Path: namespaces/xx/yy/acme-corp/agent-alpha/
Path: namespaces/xx/yy/acme-corp/user-alice/
| Namespaces | Flat Dir Entries | Sharded Max per Bucket |
|---|---|---|
| 1,000 | 1,000 | ~1 |
| 50,000 | 50,000 | ~1 |
| 500,000 | 500,000 | ~8 |
| 1,000,000 | 1,000,000 | ~15 |
The SpectorNamespaceManager discovers namespaces at startup using one of two strategies:
Scan: namespaces/*/namespace.json
Complexity: O(N) — single directory listing
Scan: namespaces/XX/YY/*/namespace.json
Complexity: O(N) — but each directory listing is O(1) since buckets are small
flowchart TD
START["SpectorNamespaceManager(basePath, sharded=true)"]
START --> SCAN_L1["Scan namespaces/ for 2-char hex dirs"]
SCAN_L1 --> SCAN_L2["For each L1: scan for 2-char hex subdirs"]
SCAN_L2 --> SCAN_NS["For each L2: scan for namespace dirs"]

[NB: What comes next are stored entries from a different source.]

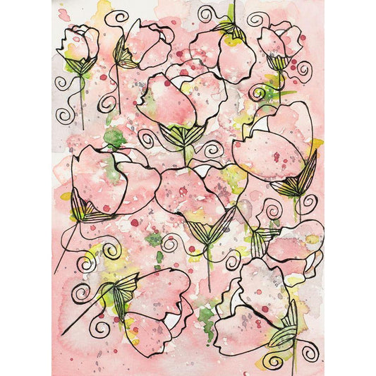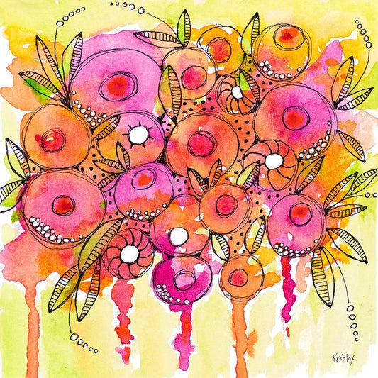 Pretty Pink and Peppy Gold Ornate Wood Framed Art Print with Double Matting by Krinlox
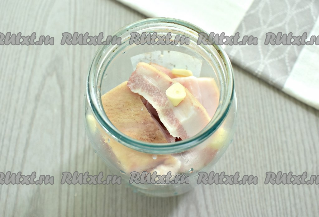 Банку заполняем салом, чередуя его с нарезанным чесноком.
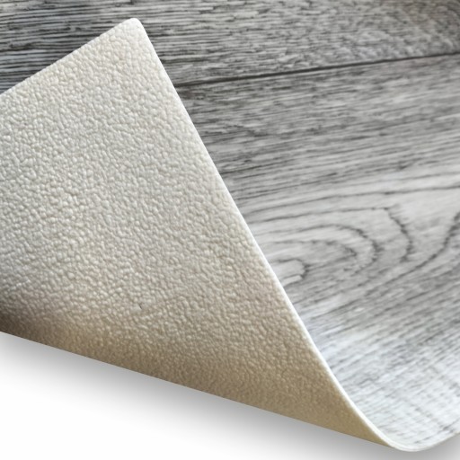 Elastyczna wykładzina o wzorze imitujący szare drewniane panele z mocno zaznaczonymi sękami w jasnym kolorze - wzór bardzo wyrazisty. Podłoga została wykonana z polyvinylchloridu znanego również pod krótszą nazwą PCV. Jest to wykładzina przeznaczona do użytku domowego. Grubości oferowanej wykładziny to 2,7 mm i warstwa użytkowa 0,15 mm, przeznaczona do pomieszczeń mieszkalnych o średnim natężeniu ruchu. Mocna - odporna na wgniecenia i załamania, oraz promienie UV.

SCAN_NS --> CHECK["Check: namespace.json exists?"]
CHECK -->|"Yes"| REGISTER["Register in ConcurrentHashMap"]
CHECK -->|"No"| SKIP["Skip directory"]
The MigrationPipeline runs schema migrations lazily — migrations execute on first access to a namespace, not at startup. This avoids holding up server startup when there are thousands of namespaces.
sequenceDiagram
participant Client
participant NSMgr as SpectorNamespaceManager
participant Pipeline as MigrationPipeline
participant Disk as Filesystem
Client->>NSMgr: getNamespace("agent-alpha")
NSMgr->>NSMgr: Lookup in ConcurrentHashMap
NSMgr->>Pipeline: migrateIfNeeded(nsDir)
Pipeline->>Disk: Read manifest.json
alt Manifest version < current
Pipeline->>Disk: Run pending migrations
Pipeline->>Disk: Update manifest.json
else Up to date
Pipeline->>NSMgr: No-op
end
NSMgr->>Client: NamespaceContext
Migrates existing flat namespace directories to the sharded layout in-place:
-
Scan flat
namespaces/directory for namespace dirs - Compute SHA-256 shard path for each namespace
-
Create target shard directories (
namespaces/XX/YY/) -
Move namespace directory atomically via
Files.move() - Verify all namespaces are accessible at new paths
warning: Migration Safety The migrator is designed to be resumable — if interrupted mid-migration, re-running it will pick up where it left off. Namespaces already at their shard path are skipped.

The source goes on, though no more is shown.